Required work:
Pictures excluded, reproduce exactly the lines below from the one with "ステンカラーコートをベースに" through the one with "- světlý, prostorný", both included.

Material for this task:
^^^^^^^^^^^^^^^^

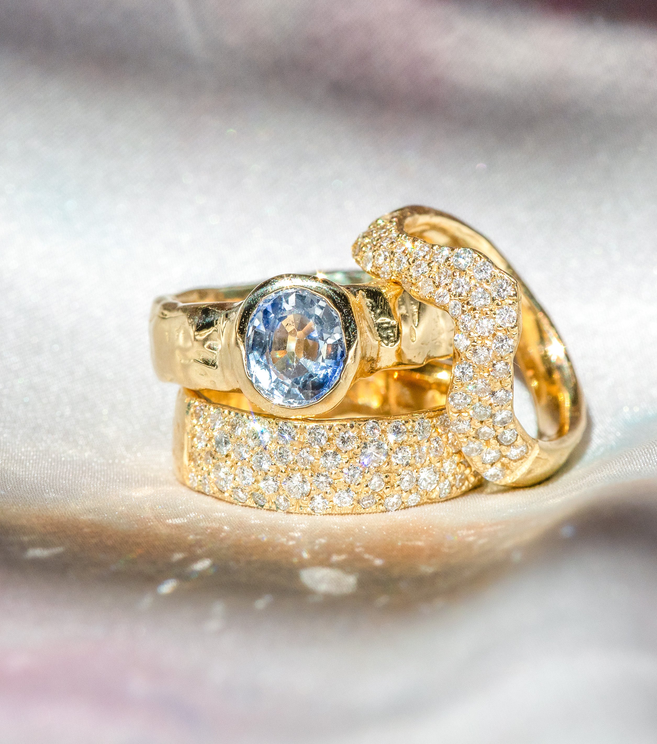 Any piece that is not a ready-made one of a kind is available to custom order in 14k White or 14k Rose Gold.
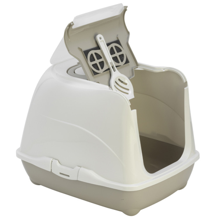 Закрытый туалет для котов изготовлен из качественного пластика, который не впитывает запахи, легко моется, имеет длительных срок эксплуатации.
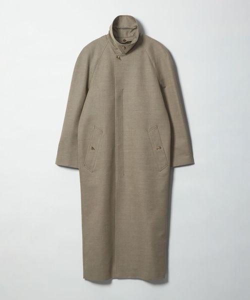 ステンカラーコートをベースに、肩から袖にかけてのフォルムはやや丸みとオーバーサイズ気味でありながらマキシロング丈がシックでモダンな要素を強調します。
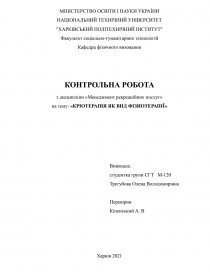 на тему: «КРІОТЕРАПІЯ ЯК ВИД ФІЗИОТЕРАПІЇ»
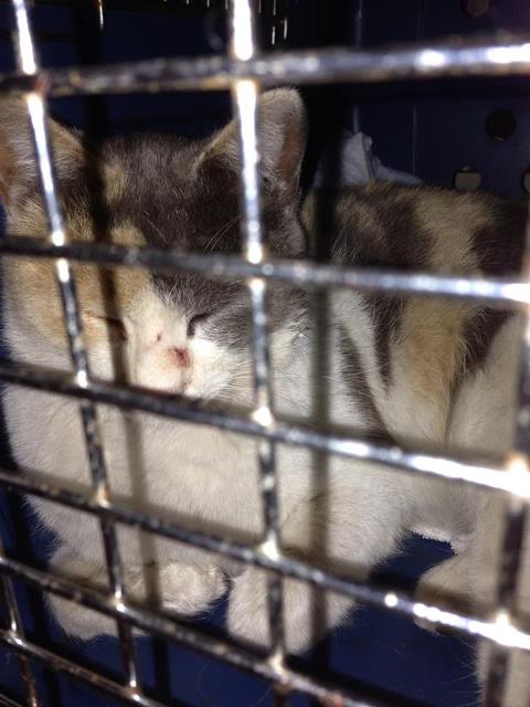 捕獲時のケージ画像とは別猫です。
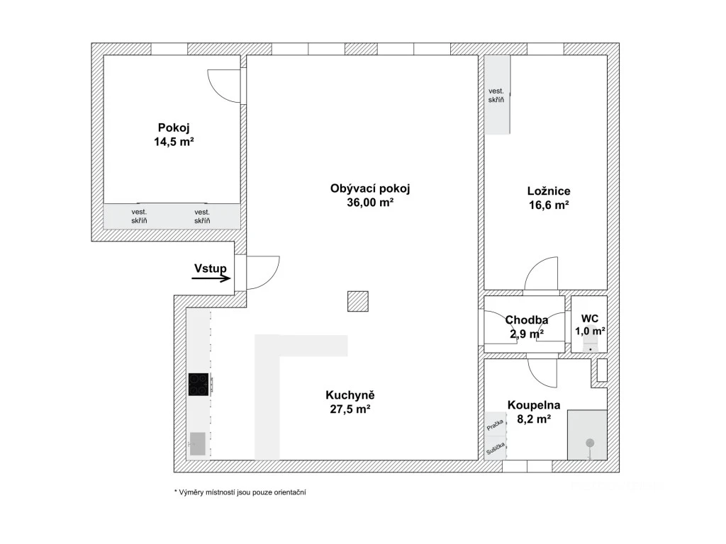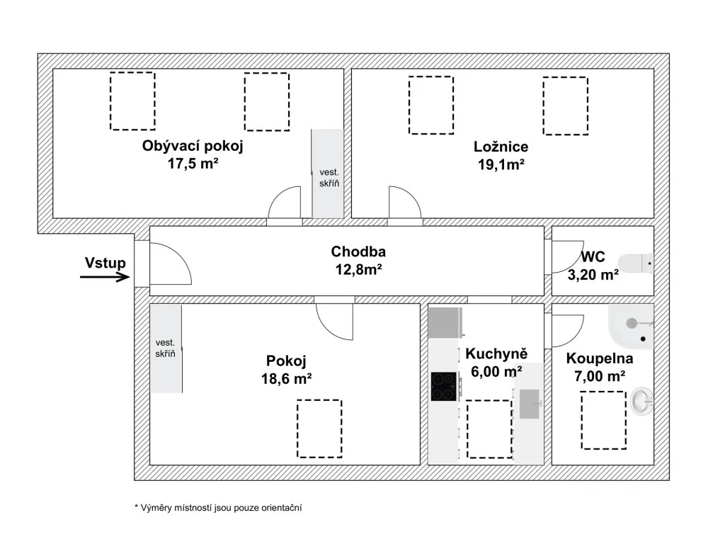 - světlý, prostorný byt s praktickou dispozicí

^^^^^^^^^^^^^^^^

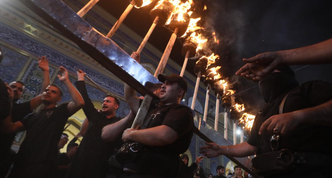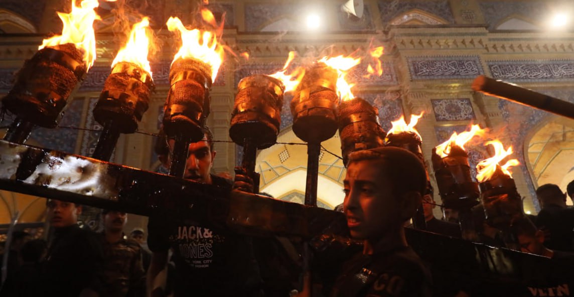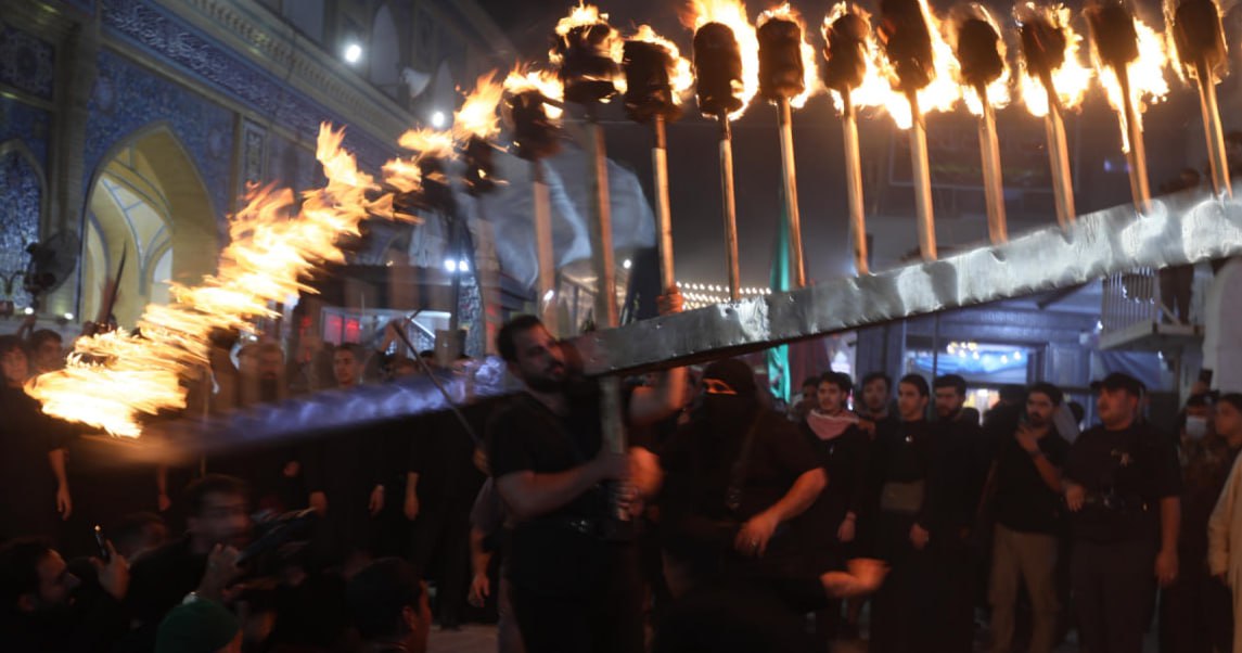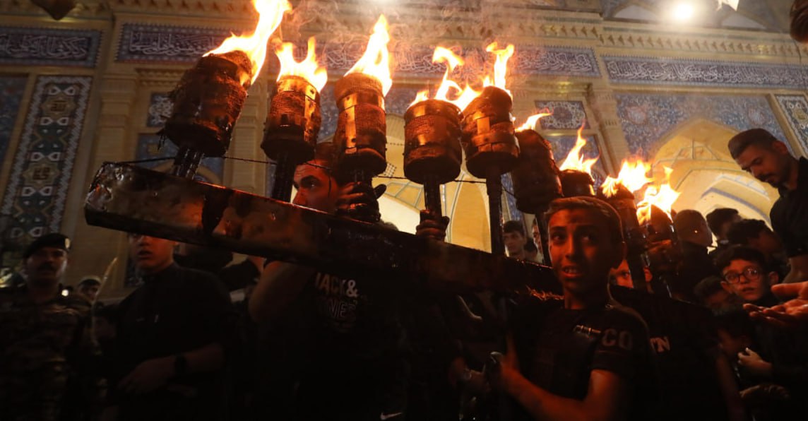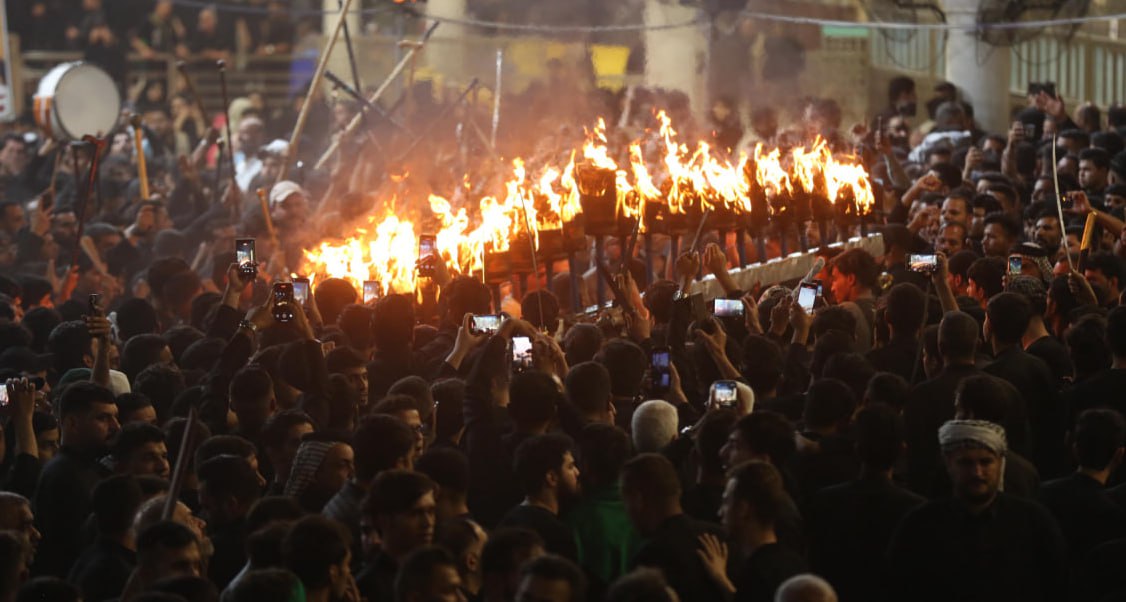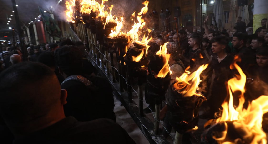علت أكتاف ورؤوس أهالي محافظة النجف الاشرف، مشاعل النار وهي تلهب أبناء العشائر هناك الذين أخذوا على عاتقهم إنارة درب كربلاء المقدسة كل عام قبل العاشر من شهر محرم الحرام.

^^^^^^^^^^^^^^^^

Solution for this problem:
 ステンカラーコートをベースに、肩から袖にかけてのフォルムはやや丸みとオーバーサイズ気味でありながらマキシロング丈がシックでモダンな要素を強調します。
 на тему: «КРІОТЕРАПІЯ ЯК ВИД ФІЗИОТЕРАПІЇ»
 捕獲時のケージ画像とは別猫です。
 - světlý, prostorný byt s praktickou dispozicí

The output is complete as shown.